To account for phylogenetic uncertainty and variation in branch length estimations, we ran PGLS analyses over a set of 50 trees randomly sampled from a post-burn-in distribution of phylogenies from Burns et al.  and extracted mean values from the resulting distributions of each parameter for all models. Thus, the standard errors that we report are averaged for each term in our PGLS model PGLS across 50 trees. This procedure was performed using functions included in the ape , nlme  and geiger  packages within the R programming environment .
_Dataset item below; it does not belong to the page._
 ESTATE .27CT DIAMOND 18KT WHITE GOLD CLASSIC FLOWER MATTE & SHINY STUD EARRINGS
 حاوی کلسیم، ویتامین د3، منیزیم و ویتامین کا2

After comparing nine different PGLS models for each pair of song and plumage characters, we found that two models were consistently favoured (table 2). More specifically, a model wherein subfamily was included as an interaction term was the best-fit model for five of the nine pairwise comparisons (song PC1 and colour PC1; song PC1 and colour volume; song PC1 and brilliance; song length and brilliance; note types and brilliance; table 2). A model with no covariates was favoured among the remaining four pairwise comparisons (song length and colour PC1; song length and colour volume; note types and colour PC1; note types and colour volume; table 2). Among all pairwise comparisons, only two combinations (song length and colour PC1; song length and colour volume) had multiple competing models within ΔAICc ≤ 2; in both of these cases, a model with carotenoid plumage included as a main effect was the sole competing model (table 2).
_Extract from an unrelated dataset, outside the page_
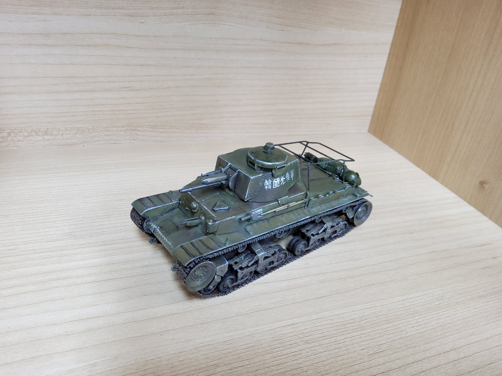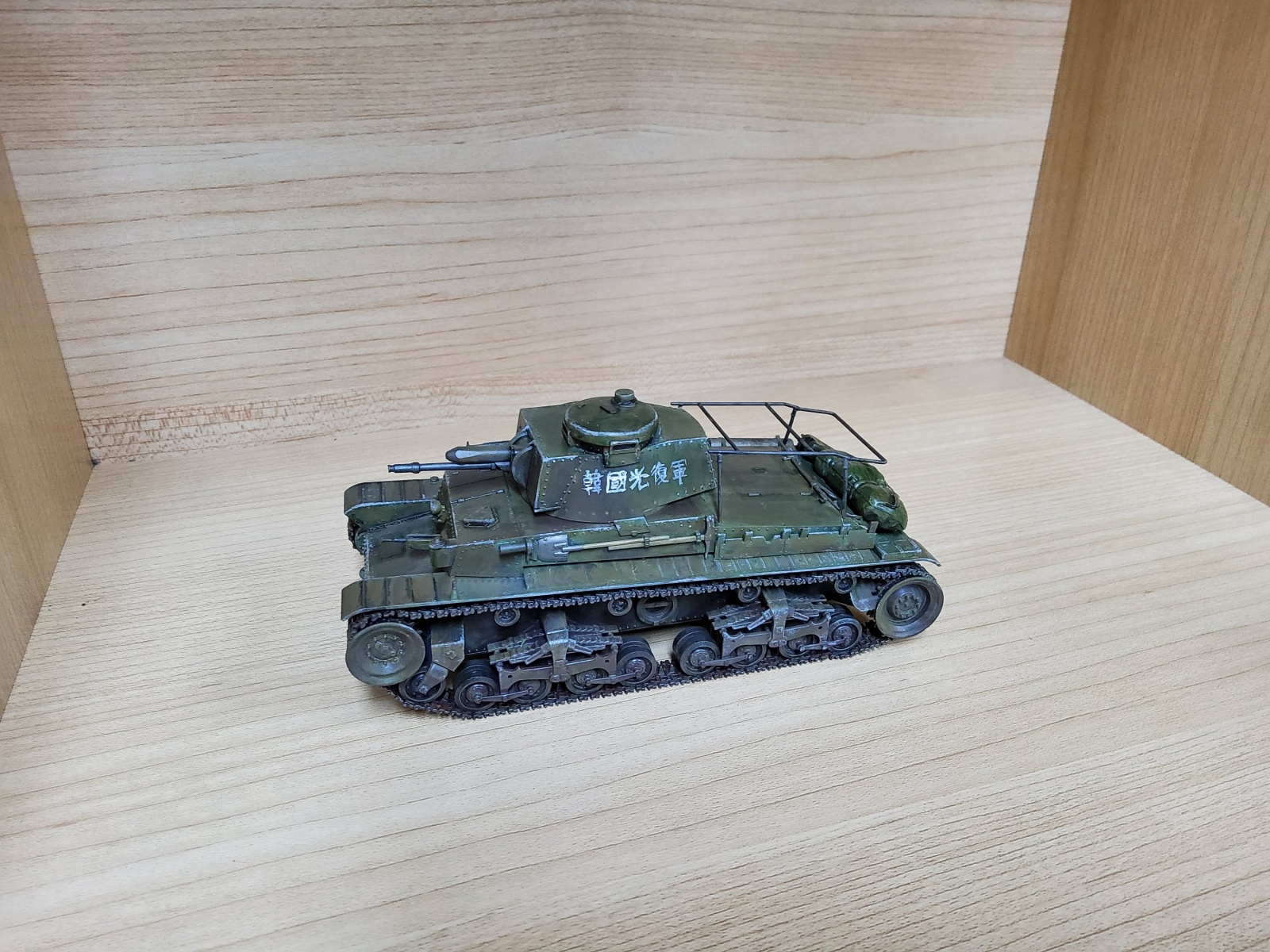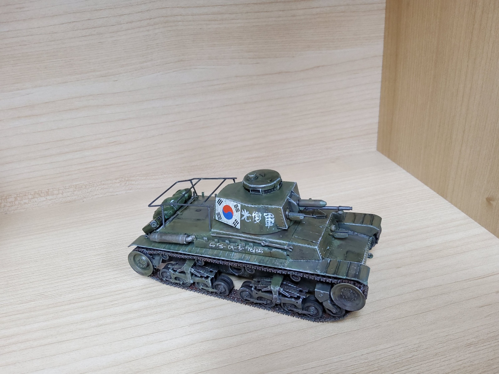 아카데미 1/35 35(t) 입니다. '2차대전 말기, 연합국의 일원인 대한민국의 정규 군대인 광복군이 한반도 북부 침공 작전에 참가'라는 설정으로 만들었습니다. 소련이 35(t)를 노획했더라도 그때쯤에는 너무 낙후된 장비라서 소련군은 사용을 안 했겠죠. 저런 2선급 장비는 아마 넘긴다면 광복군 정도 선에게 넘기기 딱 좋지 않았을까요?

|song character||colour character||base||habitat (main)||habitat (interaction)||major clade (main)||major clade (interaction)||carotenoid (main)||carotenoid (interaction)||structural (main)||structural (interaction)|
|song PC1||colour PC1||81.81||80.74||82.09||29.11||0.00||80.64||77.50||78.72||79.48|
|song PC1||ln(colour volume)||84.08||83.04||83.75||31.53||0.00||82.80||78.59||81.58||80.97|
|ln(song length)||colour PC1||0.00||3.78||9.63||7.26||48.99||1.80||3.48||3.85||9.65|
|ln(song length)||ln(colour volume)||0.00||4.03||9.86||7.43||41.92||1.87||4.06||3.90||8.30|
|ln(note types)||colour PC1||0.00||4.79||11.65||9.65||51.97||3.78||10.47||4.04||10.79|
|ln(note types)||ln(colour volume)||0.00||4.80||11.08||9.32||42.26||3.38||9.28||4.27||10.58|
Under best-fit models that include subfamily as an interaction effect, the interaction terms that affected the relationship between song and plumage complexity varied markedly among different subfamilies (figure 1 and electronic supplementary material, table S5). However, after correcting for multiple hypothesis testing (n = 9), none of these interaction terms are significant (all adjusted p > 0.05), suggesting that these differences are marginally, but not strongly significant. Moreover, among best-fit models that included no covariates, song and plumage elaboration were uncorrelated (p > 0.05; electronic supplementary material, table S5). In the two instances where carotenoid plumage as a main effect was considered a competing model, there was no difference in ln(song length) between lineages with carotenoid and without carotenoid plumage (p > 0.05; electronic supplementary material, table S5). Taken together, these results suggest that song and plumage elaboration largely evolve independently, although the relationship between vocal and visual signal elaboration can vary among subfamilies.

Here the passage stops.